*How to complete this task*:
Reproduce nothing but the lines from the one with "There’s only one" down to the last line of the data below.

*The input*:

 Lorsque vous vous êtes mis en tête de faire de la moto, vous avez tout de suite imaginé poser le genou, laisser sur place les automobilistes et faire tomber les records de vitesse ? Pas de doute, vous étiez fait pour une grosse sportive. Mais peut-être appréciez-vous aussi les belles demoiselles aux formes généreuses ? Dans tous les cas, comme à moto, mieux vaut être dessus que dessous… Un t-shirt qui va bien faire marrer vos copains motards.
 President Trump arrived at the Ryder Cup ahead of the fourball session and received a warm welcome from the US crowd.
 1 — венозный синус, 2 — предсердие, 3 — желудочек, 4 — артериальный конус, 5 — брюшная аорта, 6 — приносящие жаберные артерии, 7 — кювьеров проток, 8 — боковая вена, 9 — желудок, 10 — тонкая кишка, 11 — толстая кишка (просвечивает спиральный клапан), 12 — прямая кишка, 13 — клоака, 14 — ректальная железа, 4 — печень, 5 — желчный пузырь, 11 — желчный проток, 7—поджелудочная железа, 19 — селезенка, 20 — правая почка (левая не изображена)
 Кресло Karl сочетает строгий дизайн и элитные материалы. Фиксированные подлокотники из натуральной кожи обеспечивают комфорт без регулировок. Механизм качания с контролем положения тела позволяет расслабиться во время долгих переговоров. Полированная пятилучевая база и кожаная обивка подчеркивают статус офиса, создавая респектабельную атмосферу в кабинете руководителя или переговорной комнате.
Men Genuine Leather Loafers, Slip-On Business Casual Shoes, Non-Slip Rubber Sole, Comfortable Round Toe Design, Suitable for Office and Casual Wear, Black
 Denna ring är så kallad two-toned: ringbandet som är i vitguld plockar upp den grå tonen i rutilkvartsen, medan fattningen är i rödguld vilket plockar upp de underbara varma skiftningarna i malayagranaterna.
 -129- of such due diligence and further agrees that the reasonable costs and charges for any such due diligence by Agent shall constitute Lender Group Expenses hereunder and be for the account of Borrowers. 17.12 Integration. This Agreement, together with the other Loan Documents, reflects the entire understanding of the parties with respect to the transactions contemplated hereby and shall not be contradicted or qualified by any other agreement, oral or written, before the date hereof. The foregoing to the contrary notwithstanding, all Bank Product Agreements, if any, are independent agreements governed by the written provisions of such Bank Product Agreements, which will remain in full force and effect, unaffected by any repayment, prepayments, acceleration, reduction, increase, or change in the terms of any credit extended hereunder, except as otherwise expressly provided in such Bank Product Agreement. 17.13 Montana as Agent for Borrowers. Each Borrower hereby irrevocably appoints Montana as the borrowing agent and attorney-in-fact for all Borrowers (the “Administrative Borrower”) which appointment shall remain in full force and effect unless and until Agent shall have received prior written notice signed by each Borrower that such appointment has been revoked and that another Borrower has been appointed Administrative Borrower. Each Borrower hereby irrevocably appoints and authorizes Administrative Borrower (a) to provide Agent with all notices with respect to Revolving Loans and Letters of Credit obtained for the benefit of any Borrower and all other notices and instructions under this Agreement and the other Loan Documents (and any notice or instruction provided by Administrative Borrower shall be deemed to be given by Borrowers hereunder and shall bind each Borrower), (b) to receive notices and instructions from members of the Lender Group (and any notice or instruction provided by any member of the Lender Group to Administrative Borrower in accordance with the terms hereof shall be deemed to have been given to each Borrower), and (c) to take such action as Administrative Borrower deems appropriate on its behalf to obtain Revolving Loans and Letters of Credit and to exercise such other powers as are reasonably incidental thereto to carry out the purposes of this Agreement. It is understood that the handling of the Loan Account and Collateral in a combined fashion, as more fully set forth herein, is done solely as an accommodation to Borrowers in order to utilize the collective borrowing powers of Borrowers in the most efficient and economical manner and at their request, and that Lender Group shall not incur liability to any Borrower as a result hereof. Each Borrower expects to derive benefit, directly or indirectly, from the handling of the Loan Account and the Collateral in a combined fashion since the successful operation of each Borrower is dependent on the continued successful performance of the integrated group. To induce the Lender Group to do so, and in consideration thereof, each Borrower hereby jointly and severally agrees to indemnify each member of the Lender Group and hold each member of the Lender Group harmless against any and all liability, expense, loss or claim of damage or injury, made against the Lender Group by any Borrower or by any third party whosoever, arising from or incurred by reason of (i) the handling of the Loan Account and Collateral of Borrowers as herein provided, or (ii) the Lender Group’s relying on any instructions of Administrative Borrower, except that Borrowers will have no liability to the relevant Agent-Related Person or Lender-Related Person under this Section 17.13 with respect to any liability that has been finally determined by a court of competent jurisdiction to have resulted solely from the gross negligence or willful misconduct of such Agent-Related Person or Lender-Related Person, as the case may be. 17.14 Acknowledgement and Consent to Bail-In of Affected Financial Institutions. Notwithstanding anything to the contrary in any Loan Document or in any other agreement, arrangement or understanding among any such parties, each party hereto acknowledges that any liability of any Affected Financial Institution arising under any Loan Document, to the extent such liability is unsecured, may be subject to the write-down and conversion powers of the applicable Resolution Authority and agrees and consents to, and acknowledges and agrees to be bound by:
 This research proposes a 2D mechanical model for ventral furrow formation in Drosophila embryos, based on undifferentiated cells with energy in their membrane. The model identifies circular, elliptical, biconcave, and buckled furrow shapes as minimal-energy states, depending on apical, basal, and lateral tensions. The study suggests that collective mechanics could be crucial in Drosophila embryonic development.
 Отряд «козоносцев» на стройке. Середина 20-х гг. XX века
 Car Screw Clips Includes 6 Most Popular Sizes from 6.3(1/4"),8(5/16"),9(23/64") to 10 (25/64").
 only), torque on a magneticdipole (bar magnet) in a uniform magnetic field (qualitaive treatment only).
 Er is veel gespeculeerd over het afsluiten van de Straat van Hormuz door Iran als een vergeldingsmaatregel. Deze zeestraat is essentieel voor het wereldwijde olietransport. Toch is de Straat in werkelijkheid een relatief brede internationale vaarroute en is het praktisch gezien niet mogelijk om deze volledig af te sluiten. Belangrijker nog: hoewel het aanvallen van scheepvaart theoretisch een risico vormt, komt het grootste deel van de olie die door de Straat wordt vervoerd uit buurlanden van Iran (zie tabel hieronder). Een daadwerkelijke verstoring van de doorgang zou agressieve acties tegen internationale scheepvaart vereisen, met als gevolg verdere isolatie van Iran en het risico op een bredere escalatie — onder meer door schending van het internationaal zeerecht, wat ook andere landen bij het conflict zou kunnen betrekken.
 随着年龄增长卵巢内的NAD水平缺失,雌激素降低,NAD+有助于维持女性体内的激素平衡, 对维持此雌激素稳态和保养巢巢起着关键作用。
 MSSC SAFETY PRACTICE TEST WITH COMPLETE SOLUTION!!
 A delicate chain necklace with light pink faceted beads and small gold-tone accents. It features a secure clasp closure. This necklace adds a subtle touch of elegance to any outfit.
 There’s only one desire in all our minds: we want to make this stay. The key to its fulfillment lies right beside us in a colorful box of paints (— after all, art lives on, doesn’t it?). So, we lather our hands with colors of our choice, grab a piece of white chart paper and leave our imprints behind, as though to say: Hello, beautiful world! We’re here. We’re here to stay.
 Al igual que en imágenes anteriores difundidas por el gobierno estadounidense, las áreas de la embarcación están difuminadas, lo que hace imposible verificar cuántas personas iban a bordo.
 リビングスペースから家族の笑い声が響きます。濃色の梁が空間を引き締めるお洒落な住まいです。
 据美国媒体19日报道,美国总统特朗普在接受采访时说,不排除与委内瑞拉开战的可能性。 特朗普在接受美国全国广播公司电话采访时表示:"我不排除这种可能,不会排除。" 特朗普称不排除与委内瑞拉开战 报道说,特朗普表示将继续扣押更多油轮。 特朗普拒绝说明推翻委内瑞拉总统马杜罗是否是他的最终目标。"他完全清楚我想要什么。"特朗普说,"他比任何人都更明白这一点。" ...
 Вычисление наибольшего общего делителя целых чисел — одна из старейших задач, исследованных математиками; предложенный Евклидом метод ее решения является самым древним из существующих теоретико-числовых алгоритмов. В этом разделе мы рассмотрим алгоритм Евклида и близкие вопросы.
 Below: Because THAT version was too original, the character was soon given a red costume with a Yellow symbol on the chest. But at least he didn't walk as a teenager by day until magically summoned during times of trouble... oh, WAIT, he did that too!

*Exercise output*:
 There’s only one desire in all our minds: we want to make this stay. The key to its fulfillment lies right beside us in a colorful box of paints (— after all, art lives on, doesn’t it?). So, we lather our hands with colors of our choice, grab a piece of white chart paper and leave our imprints behind, as though to say: Hello, beautiful world! We’re here. We’re here to stay.
 Al igual que en imágenes anteriores difundidas por el gobierno estadounidense, las áreas de la embarcación están difuminadas, lo que hace imposible verificar cuántas personas iban a bordo.
 リビングスペースから家族の笑い声が響きます。濃色の梁が空間を引き締めるお洒落な住まいです。
 据美国媒体19日报道,美国总统特朗普在接受采访时说,不排除与委内瑞拉开战的可能性。 特朗普在接受美国全国广播公司电话采访时表示:"我不排除这种可能,不会排除。" 特朗普称不排除与委内瑞拉开战 报道说,特朗普表示将继续扣押更多油轮。 特朗普拒绝说明推翻委内瑞拉总统马杜罗是否是他的最终目标。"他完全清楚我想要什么。"特朗普说,"他比任何人都更明白这一点。" ...
 Вычисление наибольшего общего делителя целых чисел — одна из старейших задач, исследованных математиками; предложенный Евклидом метод ее решения является самым древним из существующих теоретико-числовых алгоритмов. В этом разделе мы рассмотрим алгоритм Евклида и близкие вопросы.
 Below: Because THAT version was too original, the character was soon given a red costume with a Yellow symbol on the chest. But at least he didn't walk as a teenager by day until magically summoned during times of trouble... oh, WAIT, he did that too!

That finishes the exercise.